**Provided material**

= = = = = = =

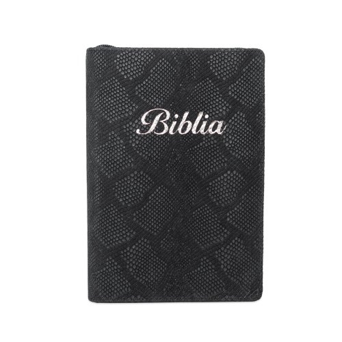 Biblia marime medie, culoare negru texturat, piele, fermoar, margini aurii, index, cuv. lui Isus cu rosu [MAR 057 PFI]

= = = = = = =

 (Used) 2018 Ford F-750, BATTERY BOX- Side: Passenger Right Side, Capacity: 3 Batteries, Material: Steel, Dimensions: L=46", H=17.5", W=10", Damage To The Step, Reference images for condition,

= = = = = = =

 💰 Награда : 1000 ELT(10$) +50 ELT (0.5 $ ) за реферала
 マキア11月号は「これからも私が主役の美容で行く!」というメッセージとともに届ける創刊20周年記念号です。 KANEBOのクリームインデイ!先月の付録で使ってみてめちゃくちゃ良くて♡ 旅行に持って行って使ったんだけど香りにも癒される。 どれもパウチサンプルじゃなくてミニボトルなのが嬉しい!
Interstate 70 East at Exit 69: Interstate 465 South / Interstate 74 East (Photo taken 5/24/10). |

= = = = = = =

**Action item**
As the answer, set down only the lines from the data above between the one holding "(0.5 $ ) за реферала" and the one holding "Interstate 70 East", inclusive, exactly as they read.

**Solution for this task**
 💰 Награда : 1000 ELT(10$) +50 ELT (0.5 $ ) за реферала
 マキア11月号は「これからも私が主役の美容で行く!」というメッセージとともに届ける創刊20周年記念号です。 KANEBOのクリームインデイ!先月の付録で使ってみてめちゃくちゃ良くて♡ 旅行に持って行って使ったんだけど香りにも癒される。 どれもパウチサンプルじゃなくてミニボトルなのが嬉しい!
Interstate 70 East at Exit 69: Interstate 465 South / Interstate 74 East (Photo taken 5/24/10). |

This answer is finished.